◆ **Goal of the exercise**
Exactly the lines below starting at the line with "- È vietato" and ending at the line with "1987 formgav Jørgen" are wanted, with both ends included. Leave out the pictures and add no other lines.

◆ **Data excerpts**
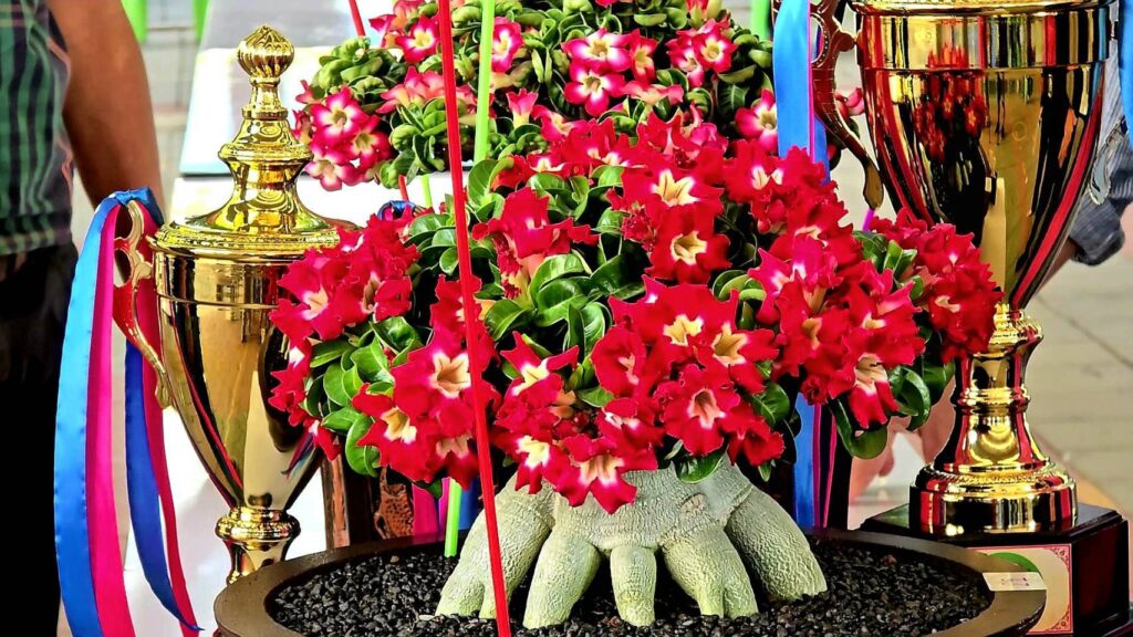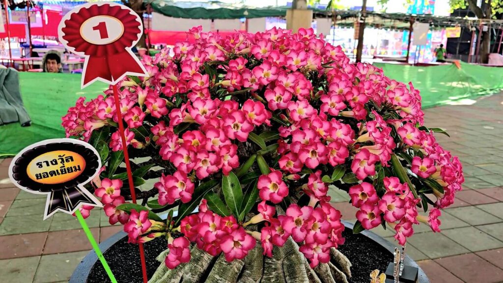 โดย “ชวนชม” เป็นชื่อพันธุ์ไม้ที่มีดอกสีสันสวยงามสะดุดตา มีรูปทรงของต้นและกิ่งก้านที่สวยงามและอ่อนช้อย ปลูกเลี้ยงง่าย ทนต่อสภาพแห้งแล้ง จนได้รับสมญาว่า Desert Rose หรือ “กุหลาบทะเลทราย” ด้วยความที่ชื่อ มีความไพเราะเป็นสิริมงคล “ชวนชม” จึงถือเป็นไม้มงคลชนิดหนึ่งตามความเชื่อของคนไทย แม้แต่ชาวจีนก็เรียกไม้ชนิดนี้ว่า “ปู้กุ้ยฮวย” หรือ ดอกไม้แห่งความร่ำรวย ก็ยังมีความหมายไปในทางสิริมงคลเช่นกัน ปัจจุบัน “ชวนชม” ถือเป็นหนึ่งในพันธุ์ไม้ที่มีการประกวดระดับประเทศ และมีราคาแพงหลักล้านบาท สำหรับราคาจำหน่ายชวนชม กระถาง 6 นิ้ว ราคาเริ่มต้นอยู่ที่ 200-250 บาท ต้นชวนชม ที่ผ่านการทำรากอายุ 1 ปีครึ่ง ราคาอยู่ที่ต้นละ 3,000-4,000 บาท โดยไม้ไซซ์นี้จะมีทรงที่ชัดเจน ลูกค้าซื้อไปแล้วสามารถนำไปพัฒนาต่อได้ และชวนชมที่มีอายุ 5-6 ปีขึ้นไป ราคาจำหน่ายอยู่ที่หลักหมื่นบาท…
---
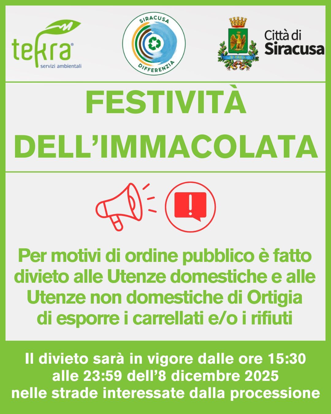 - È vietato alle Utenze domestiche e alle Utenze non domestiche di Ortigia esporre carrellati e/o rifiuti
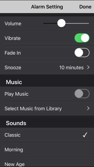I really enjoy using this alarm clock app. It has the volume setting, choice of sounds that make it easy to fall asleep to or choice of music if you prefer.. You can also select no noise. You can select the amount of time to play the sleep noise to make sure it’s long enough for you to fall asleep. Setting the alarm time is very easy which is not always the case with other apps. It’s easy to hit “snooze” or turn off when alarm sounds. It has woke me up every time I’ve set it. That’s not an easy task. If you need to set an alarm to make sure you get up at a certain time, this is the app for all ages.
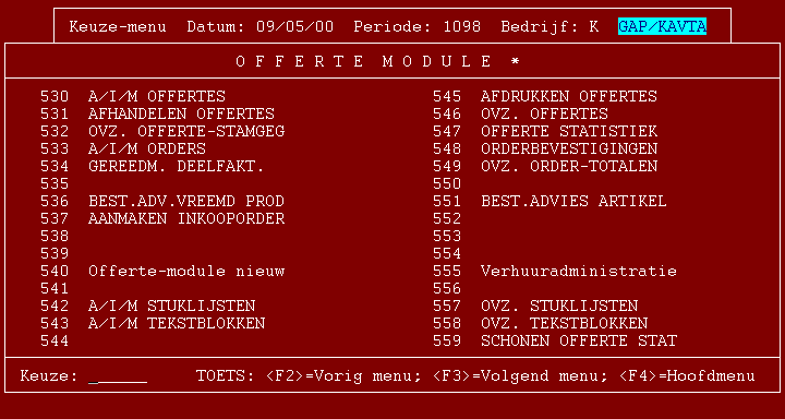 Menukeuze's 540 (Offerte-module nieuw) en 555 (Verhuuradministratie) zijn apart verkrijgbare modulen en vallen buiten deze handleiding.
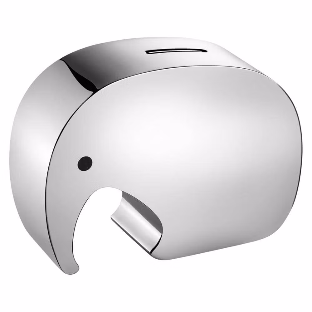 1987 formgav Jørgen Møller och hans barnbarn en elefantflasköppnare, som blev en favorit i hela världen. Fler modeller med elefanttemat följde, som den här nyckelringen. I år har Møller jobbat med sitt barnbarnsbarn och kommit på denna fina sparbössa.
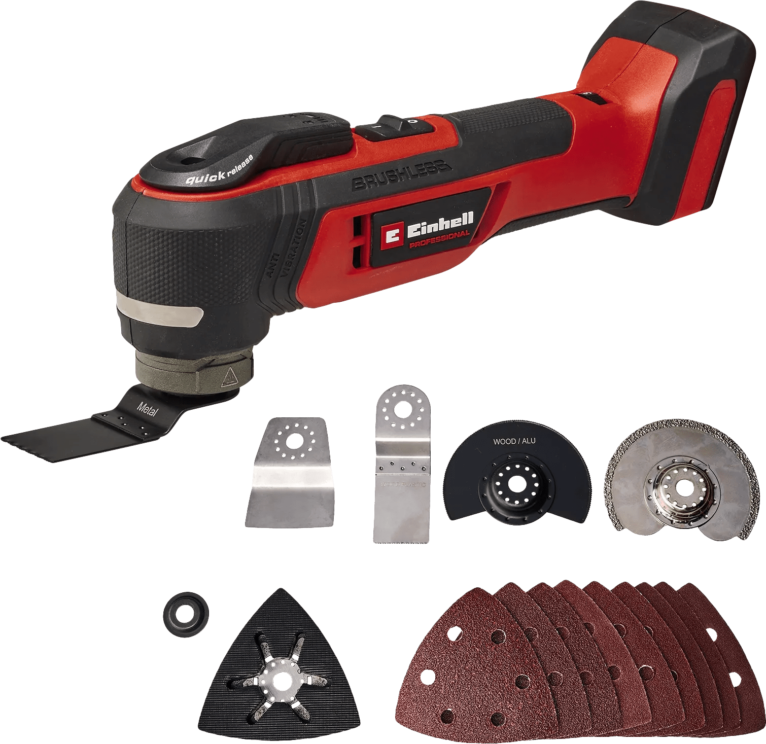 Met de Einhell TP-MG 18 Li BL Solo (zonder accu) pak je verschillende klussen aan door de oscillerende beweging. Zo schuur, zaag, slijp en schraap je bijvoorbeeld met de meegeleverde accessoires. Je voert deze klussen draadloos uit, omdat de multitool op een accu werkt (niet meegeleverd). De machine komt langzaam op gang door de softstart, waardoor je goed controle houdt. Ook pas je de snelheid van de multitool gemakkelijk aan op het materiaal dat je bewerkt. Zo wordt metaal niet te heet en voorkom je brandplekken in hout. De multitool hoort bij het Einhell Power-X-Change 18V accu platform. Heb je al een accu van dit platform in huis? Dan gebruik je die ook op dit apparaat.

◆ **The answer**
 - È vietato alle Utenze domestiche e alle Utenze non domestiche di Ortigia esporre carrellati e/o rifiuti
I really enjoy using this alarm clock app. It has the volume setting, choice of sounds that make it easy to fall asleep to or choice of music if you prefer.. You can also select no noise. You can select the amount of time to play the sleep noise to make sure it’s long enough for you to fall asleep. Setting the alarm time is very easy which is not always the case with other apps. It’s easy to hit “snooze” or turn off when alarm sounds. It has woke me up every time I’ve set it. That’s not an easy task. If you need to set an alarm to make sure you get up at a certain time, this is the app for all ages.
 Menukeuze's 540 (Offerte-module nieuw) en 555 (Verhuuradministratie) zijn apart verkrijgbare modulen en vallen buiten deze handleiding.
 1987 formgav Jørgen Møller och hans barnbarn en elefantflasköppnare, som blev en favorit i hela världen. Fler modeller med elefanttemat följde, som den här nyckelringen. I år har Møller jobbat med sitt barnbarnsbarn och kommit på denna fina sparbössa.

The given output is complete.